TRIESTE – The Port of Ravenna has adopted its new 2026–2028 Three-Year Operational Plan and is restating its ambition: to consolidate its role nationally and to count more in the balance of power in the Northern Adriatic.

The North-Central Adriatic Sea Port System Authority approved the document through a resolution of the Management Committee. The plan marks a shift from the past, in a more unstable international context and with the need to plug into Europe’s major logistics corridors.

The message is straightforward: infrastructure and intermodality are the priorities. Strengthening quay walls, adapting to new dredged depths, and building new basins for energy projects go hand in hand with last-mile works. These include completion of the railway backbones on the right and left banks of the canal, links to terminals, logistics platforms and the customs free zone. The plan also foresees removing rail–road conflicts and building a second movable bridge over the Candiano Canal.

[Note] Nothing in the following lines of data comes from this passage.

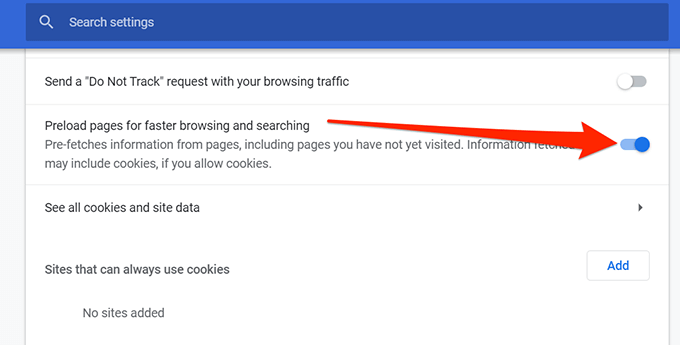 - Role para baixo e desative Pré-carregar páginas para navegação e pesquisa mais rápidas .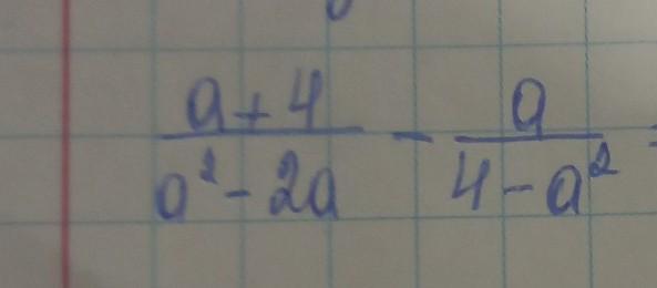 \displaystyle\bf\\\dfrac{a+4}{a^{2} -2a} -\dfrac{a}{4-a^{2} } =\dfrac{a+4}{a(a-2)} +\dfrac{a}{(a-2)(a+2)} =\dfrac{(a+2)(a+4)+a\cdot a}{a(a-2)(a+2)} =\\\\\\=\dfrac{a^{2}+4a+2a+8+a^{2}  }{a(a-2)(a+2)} =\dfrac{2a^{2}+6a+8 }{a(a-2)(a+2)} =\dfrac{2(a^{2}+3a+4) }{a(a^{2} -4)}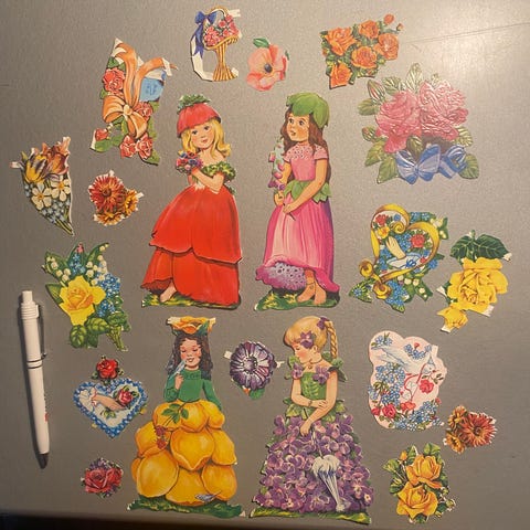 Vanhat kukkakiiltokuvat myynnissä. Pääasiassa siistejä. Reunimmaisissa lehdissä/kukissa on taitoksia. Pk 2,75€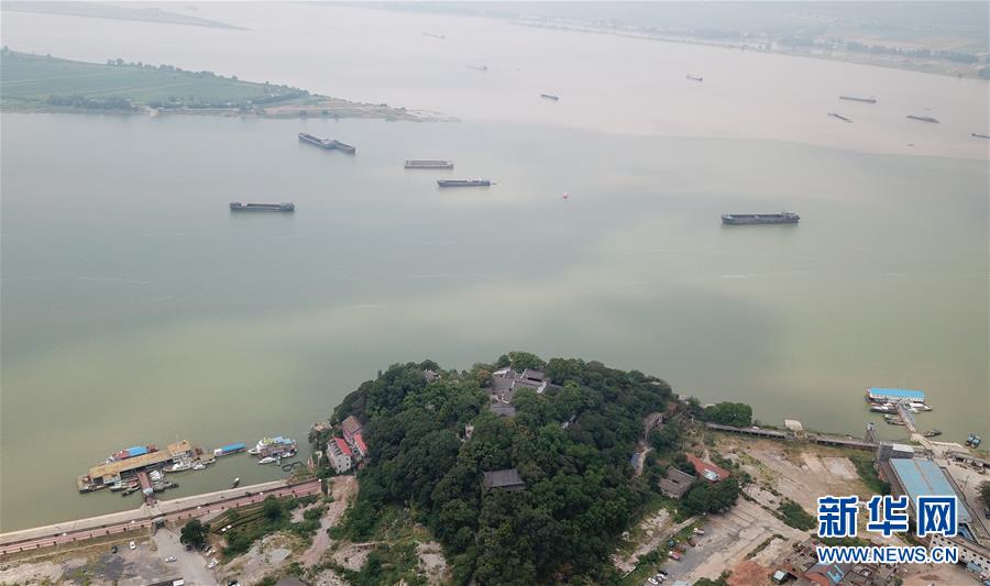 長江和鄱陽湖在江西省九江市湖口縣石鐘山附近交匯,形成江湖兩色美景(8月5日無人機拍攝)。 新華社記者 金立旺 攝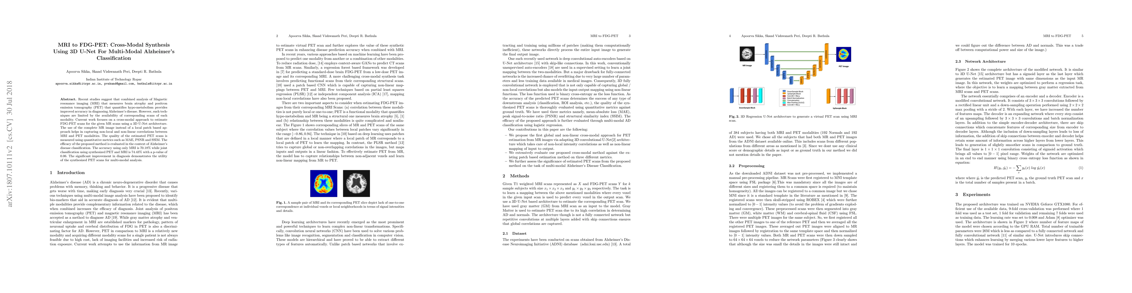 This paper proposes a 3D U-Net architecture for synthesizing FDG-PET scans from MRI data to improve Alzheimer's disease diagnosis. The synthesized PET scans, evaluated using MAE, PSNR, and SSIM, enhance classification accuracy from 70.18% using MRI alone to 74.43% when combined with synthesized PET.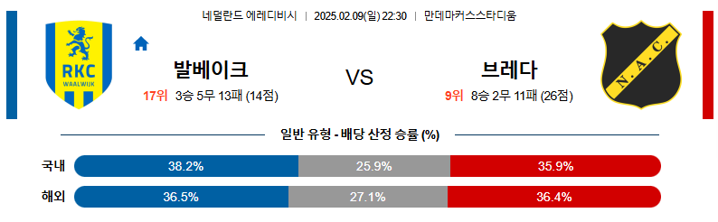 발베이크 대 브레다 에레디비지에 02월09일 맞대결 생중계, 스포츠중계, 스포츠분석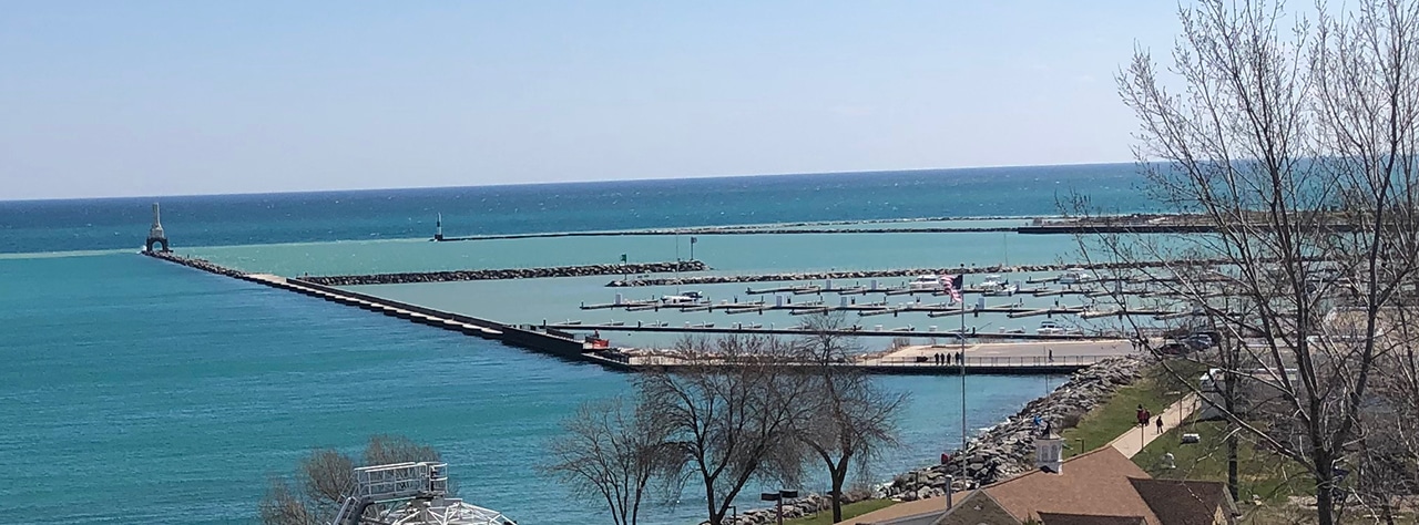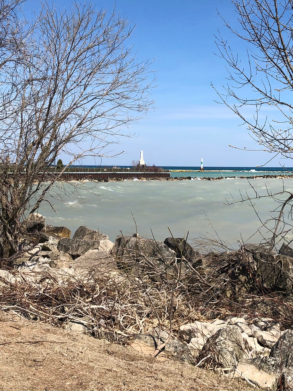 We spent several hours yesterday afternoon venturing out during the COVID lockdown to get some fresh air. We were looking forward to a little sunshine, since it was the first time since we’ve been home that we were to top 60 degrees. We went into a wide open space where (maybe) two dozen people had the same idea, and even though Lake Michigan was the most beautiful shades of blue I had ever seen on that great lake, the 25-mile-an-hour wind made it pretty uncomfortable. Even though we only made one quick swoop around the park, it was an outing nonetheless and much appreciated. We called in a curbside pickup so we could bring home some lunch.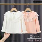 カットソー キッズ ジュニア 子供服 子ども服 女の子 トップス 長袖 丸首 ラウンドネック 袖ゴム 背中ボタン フリル レース 襟付き 無地 ホワイ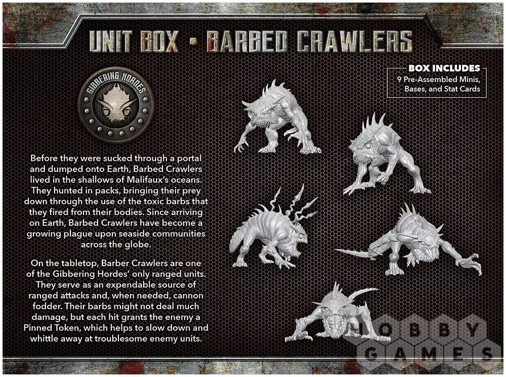 Даже среди хаотичных полчищ Gibbering Hordes есть своя иерархия. Barbed Crawlers – один из самых многочисленных видов (если слово "вид" вообще применимо к постоянно мутирующим тварям). Когда-то эти существа охотились в мелководных морях Malifaux, поражая жертв ядовитыми шипами. Теперь же они выползли на поверхность и рыщут по земле в поисках пищи и мест для новых кладок.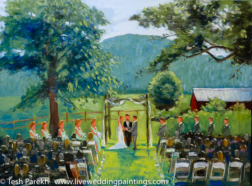 My recent live wedding painting commissions- not in any particular order. As you can see, I paint both ceremony and reception and I also paint in oils as well as watercolors. I paint indoors as well as outdoors! I will be blogging about each painting on my dedicated Live Wedding Painting website- please be sure to check out and register for updates!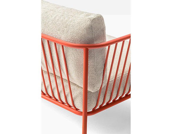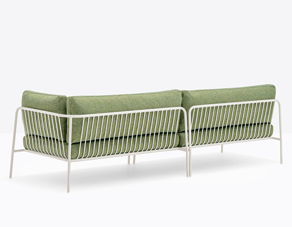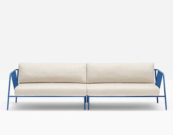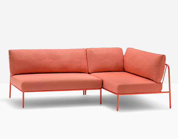Canapé sectionnel pour l’extérieur. Structure en tube d’acier époxy. Coussins de l’assise en polyuréthane, coussins du dossier en polyester. Les coussins sont protégés par une housse imperméable et recouverts de tissu d’extérieur.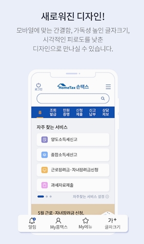 2. 손택스 앱은 새롭게 개선된 디자인으로 깔끔함과 함께 가독성이 높아졌고, 모바일 환경에 맞춘 화면 배치로 편안하게 이용할 수 있습니다.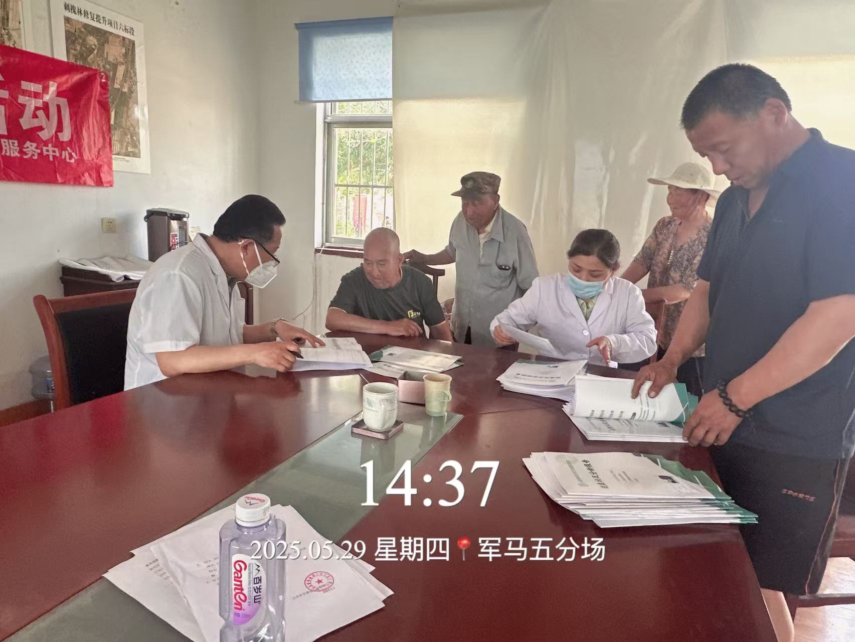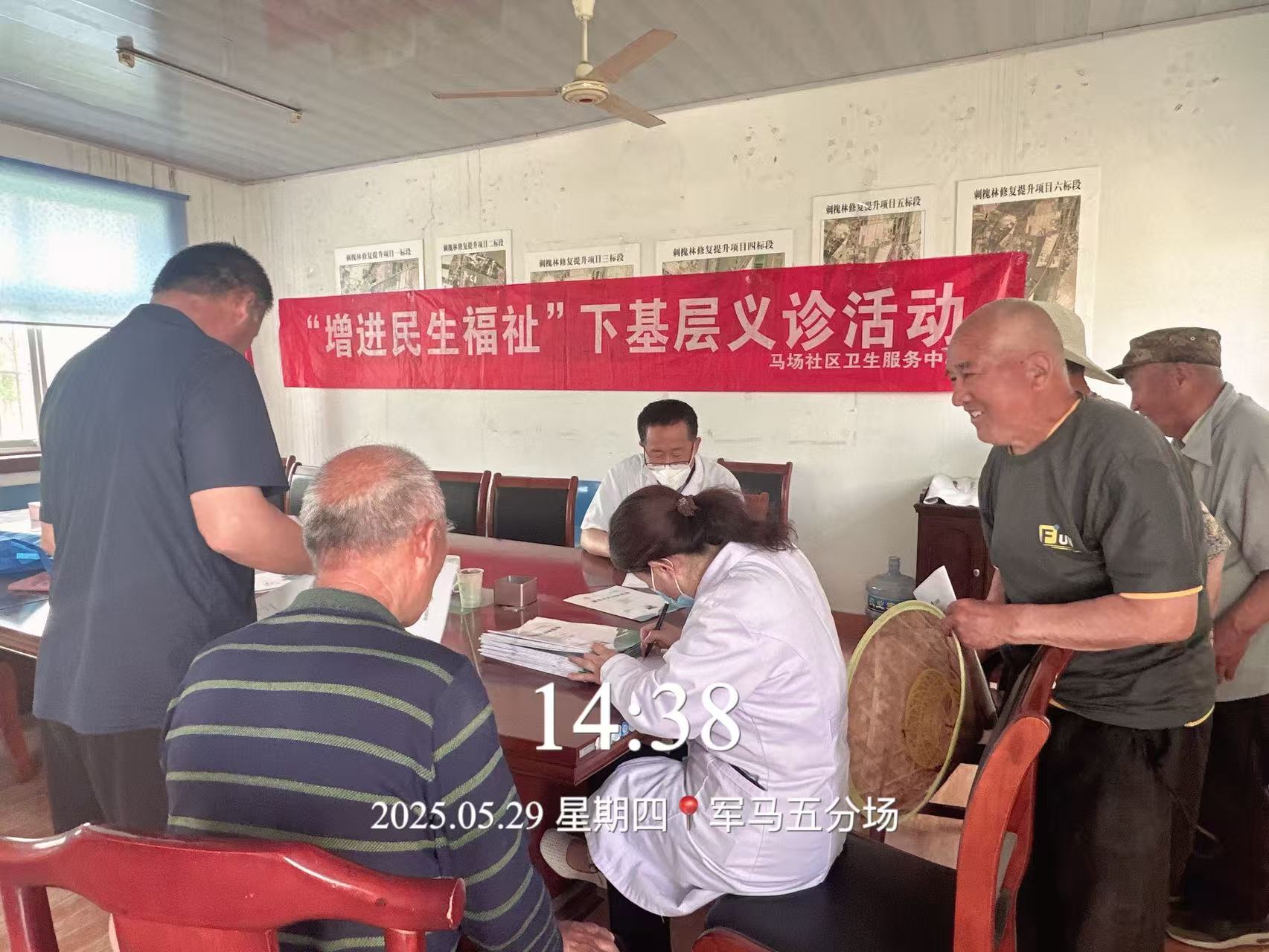 马场社区卫生服务中心在军马场集团五分场开展义诊活动,参加志愿活动人员统一志愿者服装,统一行动。认真完成好这项活动。

Rail is the core issue. The plan references the quadrupling of the Bologna–Castel Bolognese line, but above all the need for an adequate freight route from Ravenna via Ferrara toward Suzzara and then on to the Brenner. The goal is to prevent the port from being sidelined in north–south flows once the Brenner Base Tunnel comes into service between 2032 and 2035.

Within this framework, Ravenna is also looking at the Upper Adriatic port system. The plan mentions synergies with regional marinas, river–sea links and international traffic, as well as agreements with inland terminals and airports to strengthen the commercial offer and the cruise segment, where the city is already a home port.

On the road side, the plan reiterates the need for the Nuova Romea Commerciale or a variant of the SS 309/E55 to create a fast connection with Mestre. This, too, is presented as part of the strategy to anchor Ravenna more firmly within the corridors linking the Adriatic to Central Europe.

Innovation is also on the agenda: port digitalisation, virtual gates, 5G coverage, cold ironing from renewable sources, low-impact vessels. National-level projects cited as compatible with Ravenna include an agri-food and cold-chain market and initiatives linked to Carbon Capture and Storage.

President Francesco Benevolo recalled that 2025 closed with a new record, with over 28 million tonnes handled. With the 2026–2028 Plan, the port aims to turn that result into a structural base, strengthening its competitive standing and seeking a more defined role in the Northern Adriatic chessboard.